Martin Short: Uma Vida de Comédia inscreve-se num padrão industrial nítido. O filme sobre Chevy Chase, o de John Candy, o de Will Ferrell com Adam McKay, o projeto sobre Eddie Murphy: as plataformas de streaming estão a percorrer sistematicamente a geração SCTV-SNL enquanto os protagonistas estão vivos para responder.

A maioria destes filmes é feita no registo corporativo da retrospetiva. Este distingue-se em dois pontos concretos: é dirigido por um colega de ofício e a própria família de Short aparece diante das câmaras.

Há uma segunda âncora, mais cultural. O público atual valoriza a amabilidade exibida em público de uma forma que há cinco anos não era central, e Short — que passou cinco décadas a ser amável dentro e fora de cena — tornou-se o exemplo canónico contemporâneo de como se apresenta a generosidade profissional sustentada. Para o espectador português, o rosto de Short chega carregado de capital cultural acumulado: Franck Eggelhoffer em O Pai da Noiva e, mais recentemente, a parceria com Steve Martin em Only Murders in the Building.

O filme não precisa de explicar quem é Short. Precisa de explicar de que é feito.

A pergunta que o filme não fecha

A pergunta que o documentário abre e não fecha é a mesma que organizou a vida profissional de Short. Se a alegria é uma disciplina, o que é que essa disciplina processa? Que custo, exatamente, o público nunca vê?

O filme não responde. Em vez disso, regista a decisão repetida — esse ato de se apresentar, dia após dia, durante cinquenta anos, para fazer rir.

Os últimos minutos mostram Short no seu personagem Jiminy Glick, a olhar para a câmara e a deixar cair: “agora toda a gente tem um documentário”. Ele sabe que está num tapete rolante. Decidiu subir nele por sua iniciativa. E esse gesto, sugere o filme, também faz parte da disciplina.

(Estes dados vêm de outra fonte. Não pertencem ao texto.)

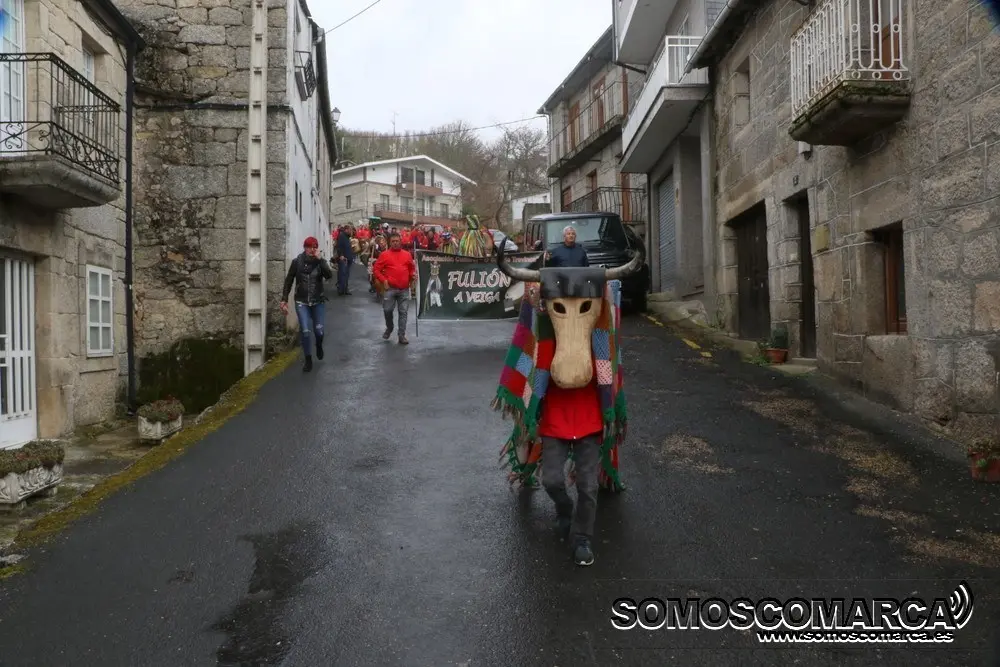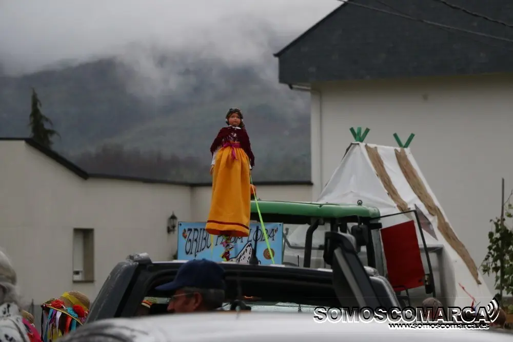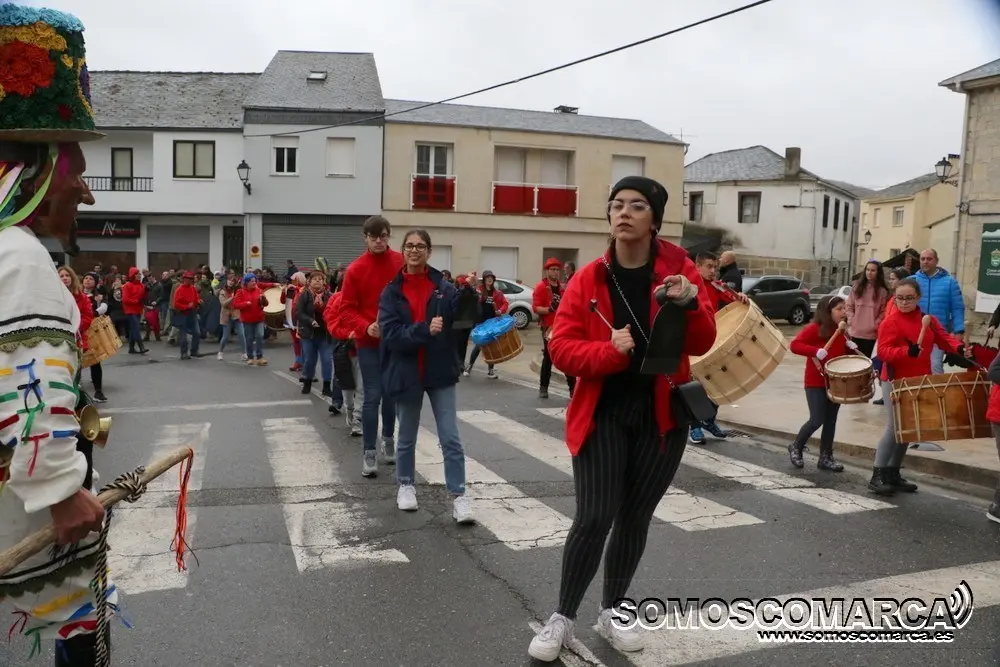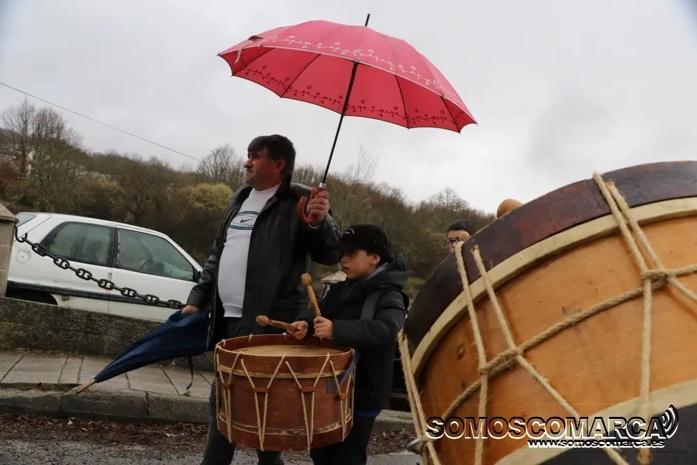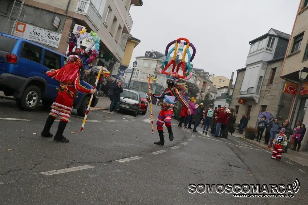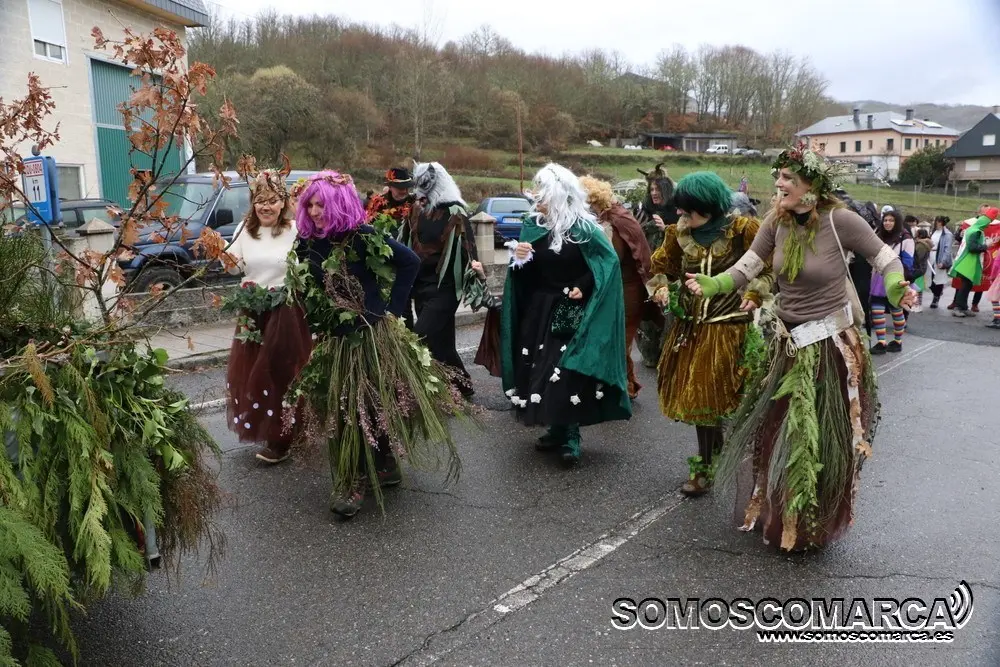 Aunque de forma intermitente la lluvia fue protagonista del desfile, eso sí, no lo deslució y los folións y comparsas recorrieron las calles del pueblo sin ningún incidente. Desde Chandrexa, Viana, A Veiga y Penouta llegaron los foliones, mientras que la Faba Loba de Trevinca fue la protagonista de 2 de las comparsas.
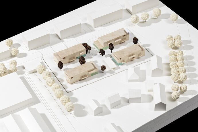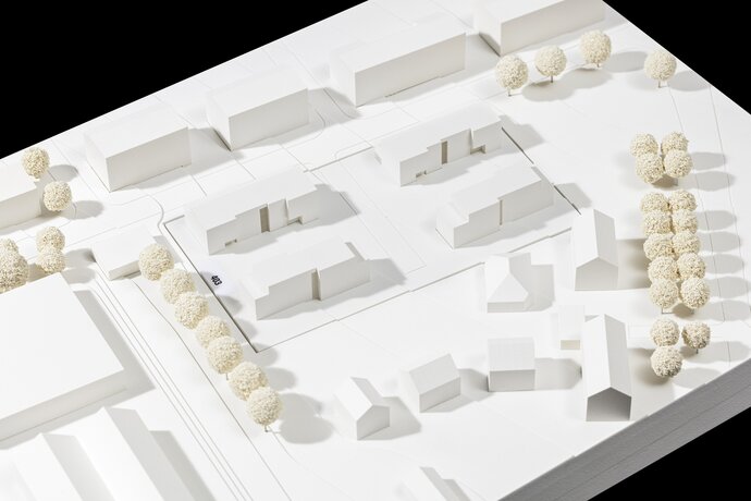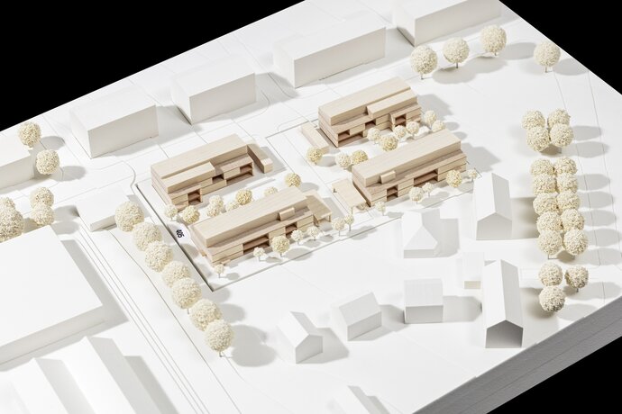 Die Arbeit überzeugt durch die Anordnung von vier klaren Baukörpern in den durch den B-Plan vorgegebenen Baufeldern. Die zur Niederfeldstraße orientierten Baukörper schaffen durch die auf der Straßenseite angeordnete Gebäudeerschließung eine Adressbildung. Die Gebäudeerschließung mit breiten und zugleich kurzen Laubengängen ermöglicht eine vielfältig gestaltbare Gebäudestruktur und schafft darüber hinaus wertvollen Begegnungsraum für die Laubenganganrainer.
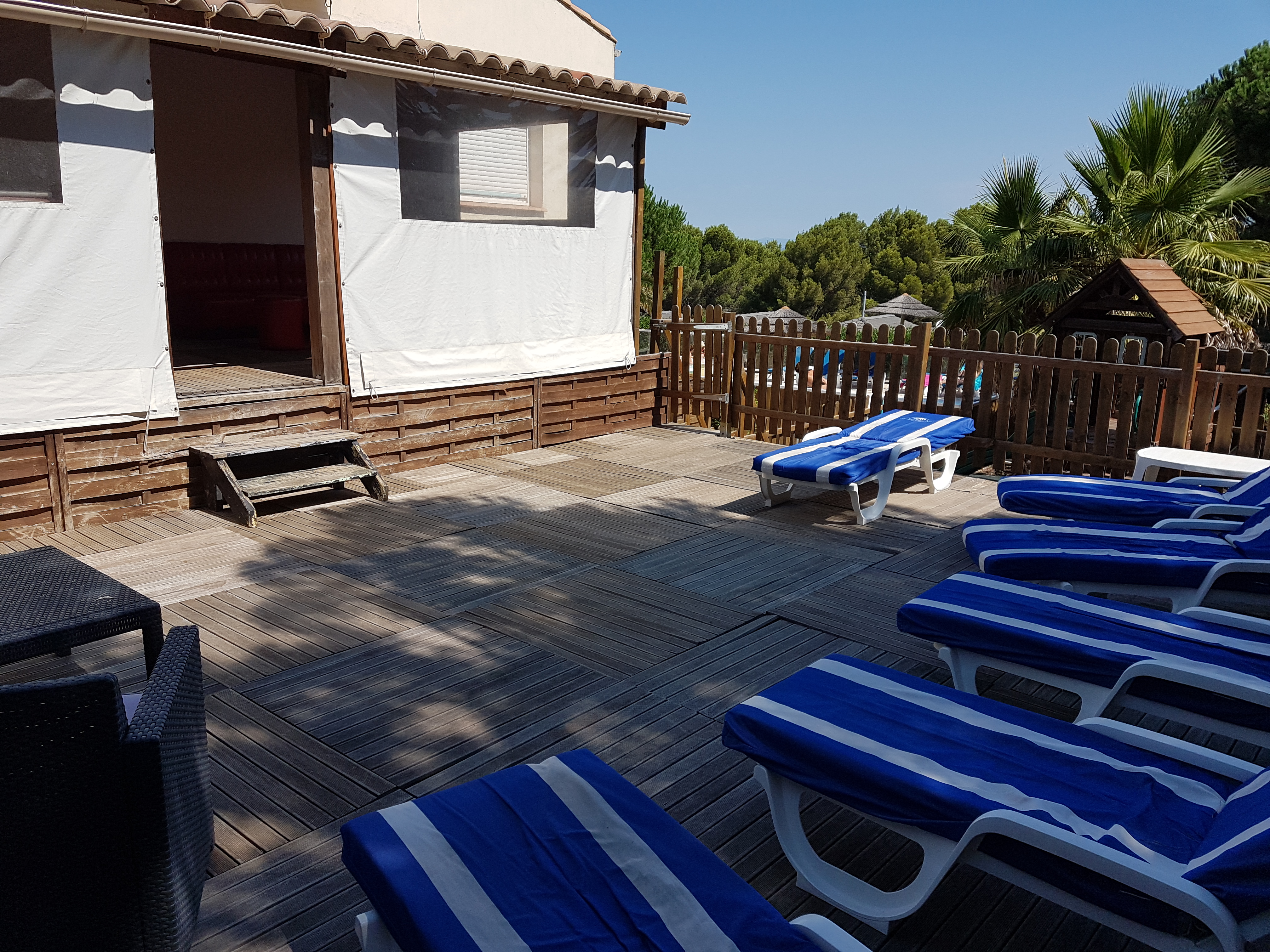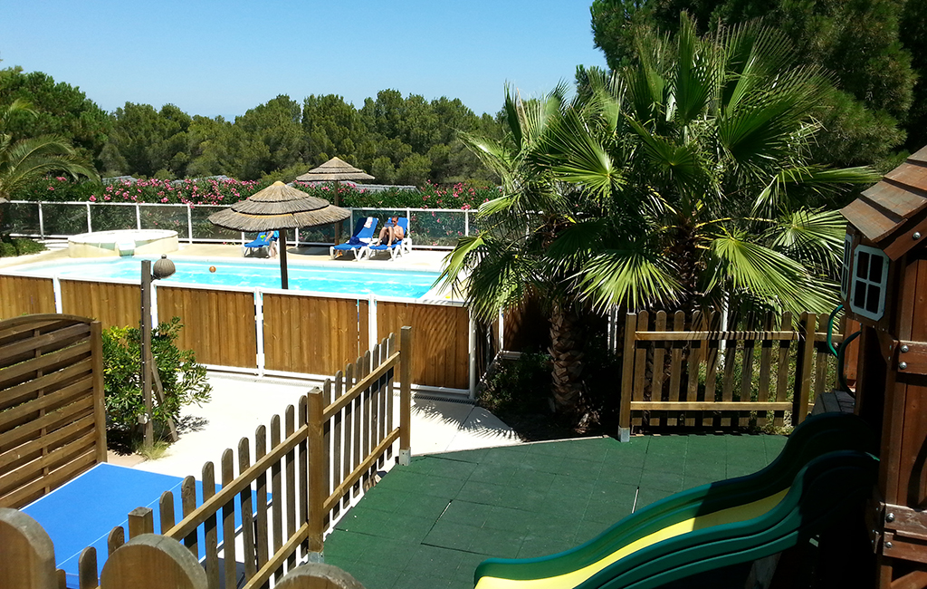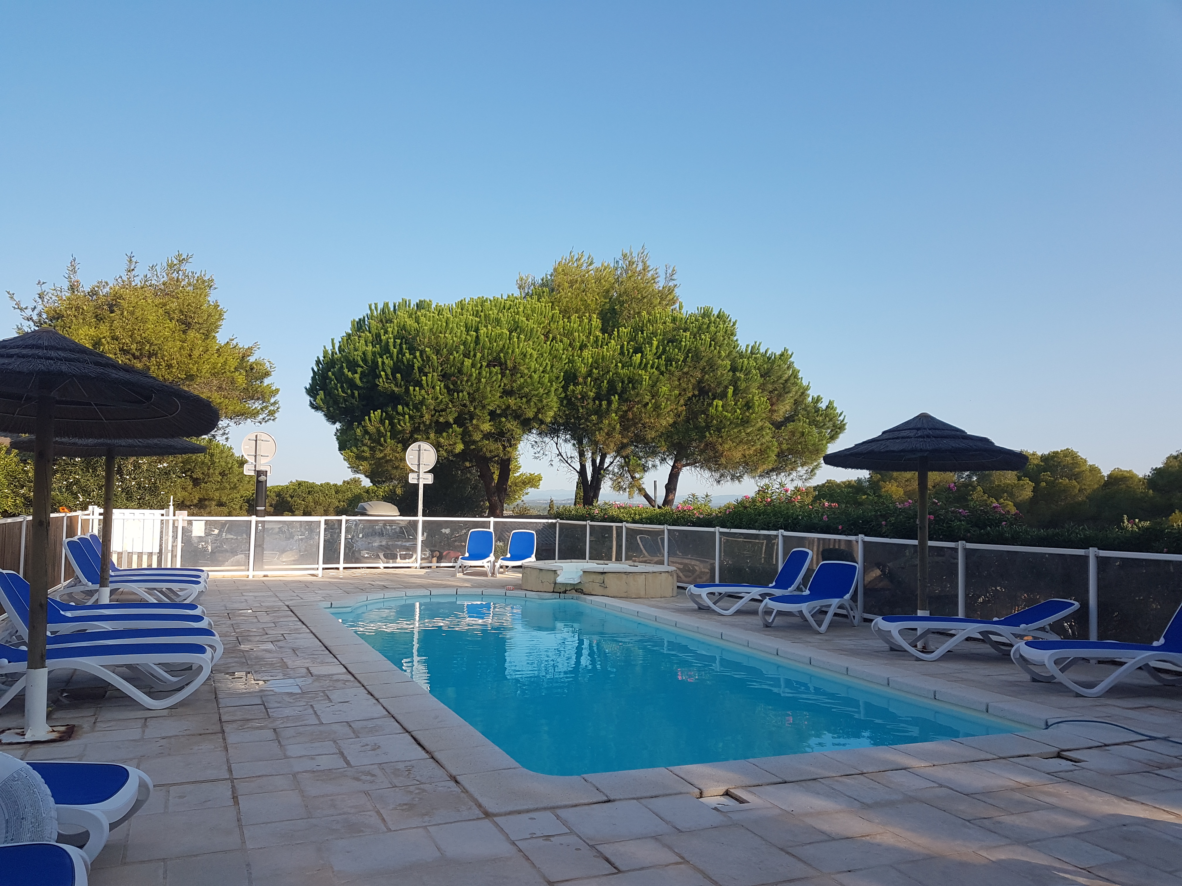 Parc Résidentiel de Loisirs located on Mont Saint-Loup, in the pine forest, in a peaceful setting overlooking Etang de Thau and Sète in the distance. Heated outdoor pool. Beach 2km away (5 min by car). Shops 800 m away.
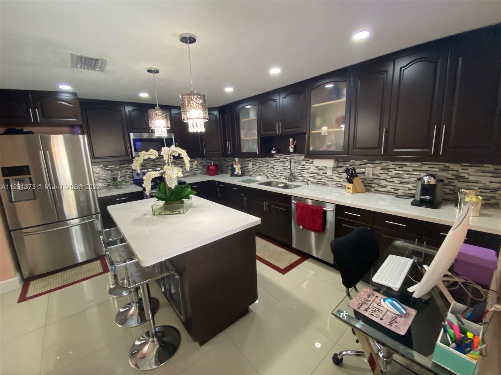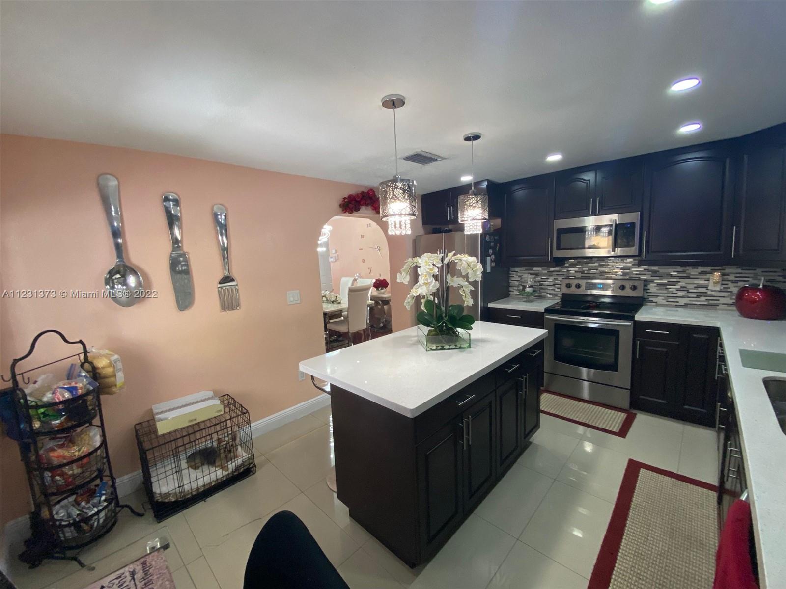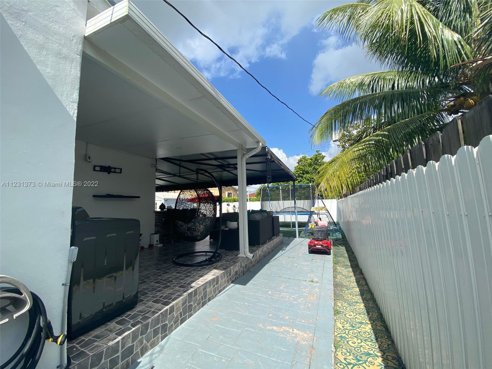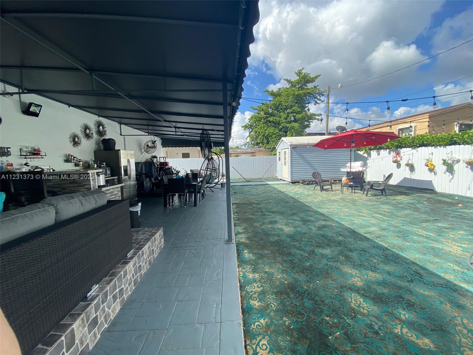 Great outside summer kitchen ideal for gatherings! Newly renovated kitchen with stainless steel appliances and beautiful kitchen island. Newly renovated bathrooms that include pocket doors. Master bedroom has LARGE walk-in closet. Electrical gate and 6 parking spaces! New Roof from 2019. Electrical breaker replaced 2021. Beautiful In-Laws quarters. All appliances are staying, as well as all shutters and lighting fixtures. Ring doorbell included, also large storage shed. Hard wire alarm system, motion detector camaras all around the house!! GREAT LOCATION! MUST SEE TO APPRECIATE!
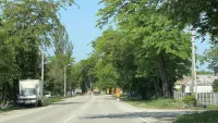 Это связано с работами по замене труб водоснабжения. Вдоль дороги разрыли много ям, водителям следует быть внимательнее. Часть из них ограждена только металлическими конструкциями.
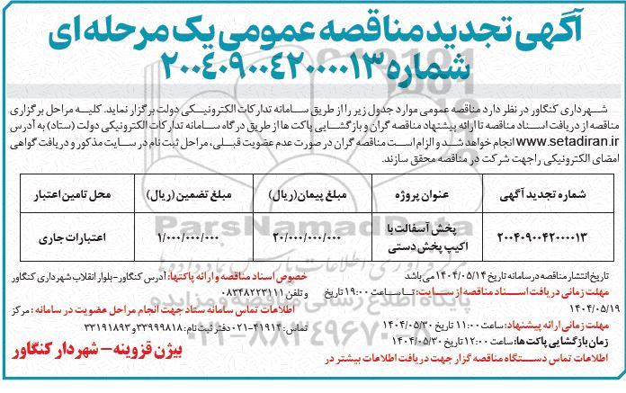 تجدید مناقصه پخش آسفالت با اکیپ پخش دستی از کلیه افراد متخصص و شرکتها واجد شرایط دعوت به عمل میآید در مناقصه با کد خبرگزاری پارس نماد: 9375738 شرکت نمایند.
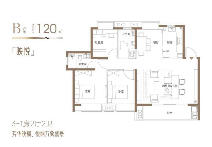 『映悦』约120㎡3+1房2厅2卫:3+1灵动空间为成长型家庭定制,容纳万象;奢阔横厅,阳光与美景,映见人生宽境;客厅与开放式书房相融,开启生活格调;IMAX巨幕观景阳台,邂逅流动的四季诗意;四面宽向阳·全明格局·全系飘窗,向美而居。
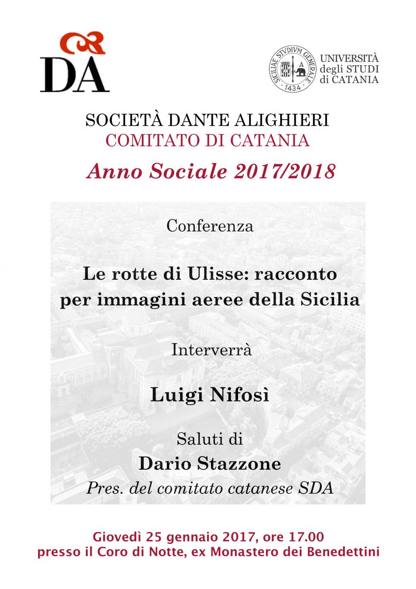 Giovedì 25.1.2018 alle 17,00 nel Coro di Notte si svolgerà una conferenza dal titolo Le rotte di Ulisse: racconto per immagini aeree della Sicilia.

Martin Short: Uma Vida de Comédia estreia na Netflix a 12 de maio de 2026. Lawrence Kasdan realiza. Brian Grazer e Ron Howard são produtores executivos pela Imagine Documentaries; produzem Sara Bernstein, Meredith Kaulfers, Christopher St. John, Justin Wilkes, Kasdan e Blair Foster.

Marty, Life Is Short
Marty, Life is Short. Martin Short in Marty, Life is Short. Cr. Courtesy of Netflix © 2026

No ecrã aparecem Steve Martin, Eugene Levy, Catherine O’Hara, Tom Hanks, John Mulaney, Steven Spielberg e Rita Wilson. Os filhos de Short, Michael e Oliver, também participam.

É o segundo projeto Netflix centrado em Short, depois do especial de stand-up de 2018 An Evening You Will Forget for the Rest of Your Life, gravado com Steve Martin. Tem 75 anos. Continua a filmar Only Murders in the Building. O trabalho — como diz à câmara no documentário — é a coisa que continua a escolher.